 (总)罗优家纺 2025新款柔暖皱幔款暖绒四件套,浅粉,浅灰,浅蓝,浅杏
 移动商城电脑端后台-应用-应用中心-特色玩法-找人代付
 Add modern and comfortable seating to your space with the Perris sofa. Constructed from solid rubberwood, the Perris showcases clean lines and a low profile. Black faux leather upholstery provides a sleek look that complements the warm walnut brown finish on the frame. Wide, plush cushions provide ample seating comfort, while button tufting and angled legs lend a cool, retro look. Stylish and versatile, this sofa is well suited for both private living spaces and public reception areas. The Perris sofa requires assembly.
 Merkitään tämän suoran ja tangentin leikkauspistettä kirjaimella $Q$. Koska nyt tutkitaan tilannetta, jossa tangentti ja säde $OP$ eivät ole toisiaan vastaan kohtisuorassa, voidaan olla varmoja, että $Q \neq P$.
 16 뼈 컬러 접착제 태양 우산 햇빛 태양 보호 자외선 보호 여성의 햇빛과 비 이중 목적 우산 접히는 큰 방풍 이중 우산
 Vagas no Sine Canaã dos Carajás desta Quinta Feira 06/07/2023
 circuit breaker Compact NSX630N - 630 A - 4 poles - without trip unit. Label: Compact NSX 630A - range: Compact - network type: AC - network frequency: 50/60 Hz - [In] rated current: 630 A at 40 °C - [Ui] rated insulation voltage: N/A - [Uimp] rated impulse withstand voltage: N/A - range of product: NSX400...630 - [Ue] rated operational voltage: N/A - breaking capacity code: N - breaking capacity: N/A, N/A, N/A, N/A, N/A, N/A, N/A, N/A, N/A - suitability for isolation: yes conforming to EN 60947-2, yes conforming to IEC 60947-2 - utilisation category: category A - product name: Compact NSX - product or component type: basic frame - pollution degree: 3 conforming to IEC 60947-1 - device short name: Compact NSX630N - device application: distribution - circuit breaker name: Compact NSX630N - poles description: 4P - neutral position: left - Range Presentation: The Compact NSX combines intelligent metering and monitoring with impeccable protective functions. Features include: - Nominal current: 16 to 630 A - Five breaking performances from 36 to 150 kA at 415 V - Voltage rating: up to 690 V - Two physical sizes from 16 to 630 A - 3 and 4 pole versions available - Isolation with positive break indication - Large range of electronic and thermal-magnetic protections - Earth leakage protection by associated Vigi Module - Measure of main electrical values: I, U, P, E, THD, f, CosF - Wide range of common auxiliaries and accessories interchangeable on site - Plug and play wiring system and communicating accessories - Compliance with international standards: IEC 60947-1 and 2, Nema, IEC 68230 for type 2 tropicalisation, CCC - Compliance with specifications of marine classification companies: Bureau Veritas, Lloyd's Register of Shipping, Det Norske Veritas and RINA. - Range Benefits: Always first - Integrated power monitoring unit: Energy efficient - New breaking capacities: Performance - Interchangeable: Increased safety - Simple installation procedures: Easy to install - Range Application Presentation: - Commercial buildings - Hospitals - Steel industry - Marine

::::::

Beginning with the line containing "16 뼈 컬러 접착제" and ending with the line containing "Vagas no Sine", extract those lines exactly from the listing above, and only those.

 16 뼈 컬러 접착제 태양 우산 햇빛 태양 보호 자외선 보호 여성의 햇빛과 비 이중 목적 우산 접히는 큰 방풍 이중 우산
 Vagas no Sine Canaã dos Carajás desta Quinta Feira 06/07/2023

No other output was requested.